Developing AI-powered apps with the assistance of AIs

Book Assistant 0.1
Book Assistant 0.1

A premise. This article isn’t intended to address the ethical and moral issues associated with the use of LLM (Large Language Models), as (alleged) artificial intelligence systems are called, and other tools connected to these systems. Like it or not, these tools have already been adopted by many individuals and businesses, and it will be increasingly necessary to know how to use them in one’s work.

I already wrote a few comments some time ago regarding the rush to adopt these tools by some of the major search engines. Here, I simply intend to share my personal experience developing an app that uses such a system to perform processes that would otherwise be extremely complex. For this reason, I also used this system as a development assistant, as it was my first experience with this type of software development.

I had started testing the use of a few chatbots and creating a few images in 2024, and only occasionally found them useful. Over time, I saw the progress of these systems and started considering a more professional use. The idea of ​​developing universal apps that could run on PCs (Windows or Linux) and on Android, macOS, and ChromeOS devices using the Flutter and Dart languages started intriguing me.

Getting familiar with the syntax of these languages ​​isn’t difficult, but the philosophy behind developing a user interface in Flutter is different from that of the languages ​​I used in the past. I wasn’t familiar with the tools that allow me to easily perform certain complex operations, and I had to install and configure various development tools on my Linux desktop and my Windows miniPC, and configure the Flutter tools for testing on my Android tablet. These were further reasons to seek assistance from an LLM, and I must say it’s great to be able to get quick and precise answers to specific questions instead of searching through documentation that’s sometimes unclear.

Google offers a free quota for using its Gemini APIs, so it was almost a no-brainer for me to conduct my initial tests and offer anyone the ability to use apps that leverage those APIs without having to pay. Other companies chose to offer paid APIs only, so support for my apps may be added later for users who have their own access keys to use them, but that’s yet to be determined.

The experience of using Gemini is bittersweet. Prototyping an app is certainly quick because all you have to do is explain what you want to do, and Gemini starts blasting out blocks of code. The real problem is in the transition from prototype to working app. Anyone who works in software development knows that there are parts of a software program that reveal unexpected complexities, and it takes very careful evaluation and reflection to achieve what you want. Complexity is the enemy of LLMs! When Gemini has to manage blocks of code beyond a certain size, it starts hallucinating. It suggests a block of code and then immediately starts mentioning variables different from the ones it proposed.

Another crucial phase of software development is debugging. Finding errors is sometimes frustrating because the flow of events can be complex, among other reasons. Gemini is a great assistant when it comes to finding, for example, a syntax error in the code, but otherwise, it’s a disaster!
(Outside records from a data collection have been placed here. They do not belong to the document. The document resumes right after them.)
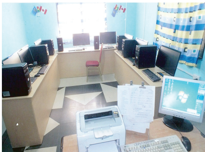
Robert Andrew Computer Lab
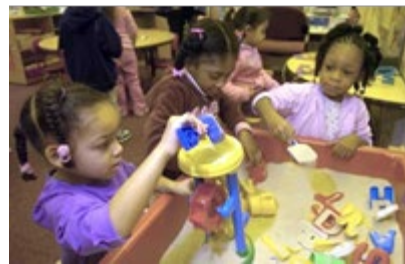
science las ciencias
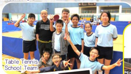
Table Tennis School Team
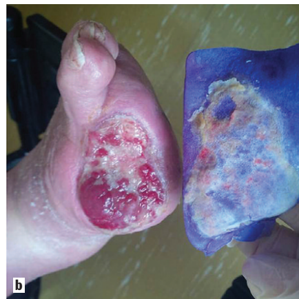
Figure 1b. Site after two weeks of treatment with a GV/MB dressing. Note the removal of slough and devitalized tissue by the dressing.

It just tries to guess where the error might be, without any logic.

I learned quickly that Gemini is unreliable in certain cases: one morning, noon was near when I had a problem. I asked Gemini for assistance, received code that was supposed to fix the error, the code generated more errors, Gemini proposed more code that generated more errors, and so on until I realized that I got caught up in the rush to finish my morning’s work, but trusting Gemini was the wrong choice.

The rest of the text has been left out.